The tpch_gen
extension allows for generating TPC-H data directly in GlareDB.
This extension is built using tpchgen-rs.
The CLI, Python bindings, and WebAssembly bindings are compiled with this extension by default.
This extension will lazily allocate a 300MB text pool on the first call to any of the table functions. This text pool is never reclaimed, and is used for all subsequent function calls for this extension.
This resource usage may be prohibitively high for some environments.

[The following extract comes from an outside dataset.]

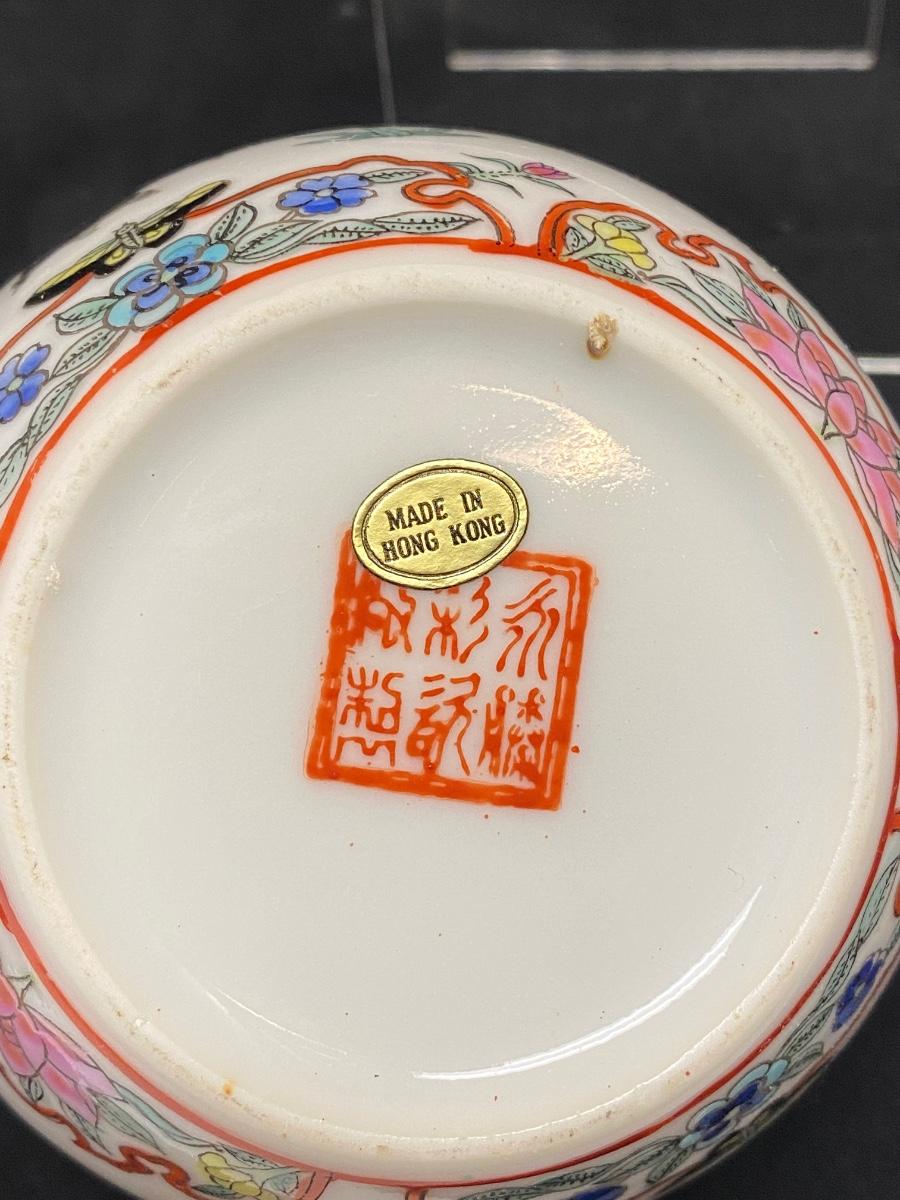 Vintage Oriental Made in Hong Kong Floral Porcelain Decorative Vase, there are no significant cracks or chips to the vase and is in good displayable and collectible condition. Check pictures for more details and for sizing. The bottom is stamped with the maker's mark.

This extension registers the following table functions in the tpch_gen
schema:
customer
lineitem
nation
orders
part
partsupp
region
supplier
Each table function accepts a single float argument indicating the scale factor
to use when generating data. For consistency, all functions accept this
argument, even if a scale factor isn't needed to generate the data (e.g.
nation
).
To generate "lineitem" data using a scale factor of 1:
SELECT * FROM tpch_gen.lineitem(1);
Creating all tables for the TPC-H schema use the data generation functions:
CREATE TEMP TABLE customer AS SELECT * FROM tpch_gen.customer(1);
CREATE TEMP TABLE lineitem AS SELECT * FROM tpch_gen.lineitem(1);
CREATE TEMP TABLE nation AS SELECT * FROM tpch_gen.nation(1);
CREATE TEMP TABLE orders AS SELECT * FROM tpch_gen.orders(1);
CREATE TEMP TABLE part AS SELECT * FROM tpch_gen.part(1);
CREATE TEMP TABLE partsupp AS SELECT * FROM tpch_gen.partsupp(1);
CREATE TEMP TABLE region AS SELECT * FROM tpch_gen.region(1);
CREATE TEMP TABLE supplier AS SELECT * FROM tpch_gen.supplier(1);